Minister: Local Enterprise Partnerships lack “a clear focus” on growth

In a searing critique of government policy, business minister Mark Prisk has written to his boss, Vince Cable, warning that the introduction of Local Enterprise Partnerships (LEPs) across England to replace the eight regional development agencies has generated “considerable friction” from the business community, running the risk that they “become detached from this policy heralding likely failure [of LEPs] in large parts of England”.

In a searing critique of government policy, business minister Mark Prisk has written to his boss, Vince Cable, warning that the introduction of Local Enterprise Partnerships (LEPs) across England to replace the eight regional development agencies has generated “considerable friction” from the business community, running the risk that they “become detached from this policy heralding likely failure [of LEPs] in large parts of England”.

In a leaked letter in yesterday’s Times (£), Prisk says:

“There is a strong view amongst the business community that many LEPs lack the ambition to make significant economic impact, undermining our agenda for growth.”

The letter goes on:

“Key messages I have been made aware of include a lack of credible business representation; negotiations dominated by local politics; and a lack of a clear focus on economic growth.”

Mr Prisk, a long-time opponent of regional development agencies, is an unlikely emissary of such tidings, however the timing of his letter is instructive. It was written on 14 September, the week after the deadline for local authorities and businesses to submit proposals for LEPs. Prisk’s initial examination of the bids showed that “attempts to engage business have been cursory in too many circumstances”.

Knowing what he knew, Mr Prisk nevertheless told the Northern Regeneration Summit in Manchester on 12 October:

“So let’s be very clear: LEPs will succeed only if the local business community is right at their heart, shaping the vision and setting priorities for action. That is a key criterion against which all applications are being assessed.”

By the terms of the minister’s own leaked letter, LEPs have failed before they have even begun, reinforcing the point made by CBI director-general, Richard Lambert, that the process to date has been a “shambles”.

This led to just 24 out of 62 LEP applications getting approved last week, leaving whole swathes of the country (21 million people, according to figures compiled by the House of Commons Library for shadow business secretary, John Denham) at a serious potential economic disadvantage as the government’s new Regional Growth Fund opens for business.

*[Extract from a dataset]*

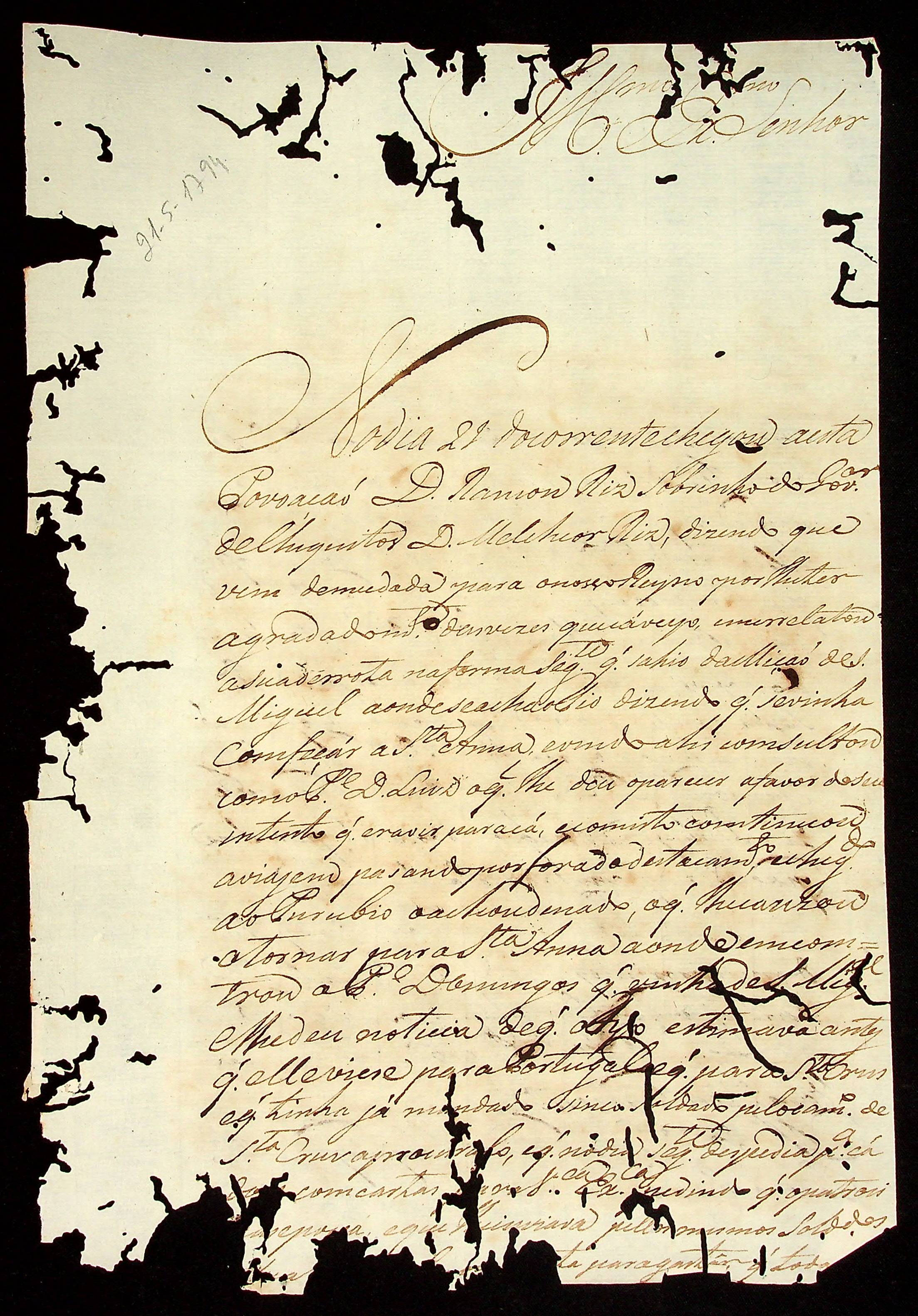 CARTA do [Alferes Francisco Pedro de Melo] ao [Governador e Capitão-General da Capitania de Mato Grosso] João de Albuquerque de Mello Pereira e Cáceres.

As Left Foot Forward pointed out last week, LEPs are a solution no one seems to want. Unfortunately ministers have been hell-bent on sloppy ideological policy-making and are now waking up too late to the fact that LEPs, shorn of the regional development agencies’ £2.3 billion budget and larger operating scale, are simply not up to the task of supporting regional economic growth.

As Mr Denham put it:

“It’s crystal-clear the government has no coherent strategy for growth. The hasty and dogmatic changes they are ramming through are making the position for businesses worse.”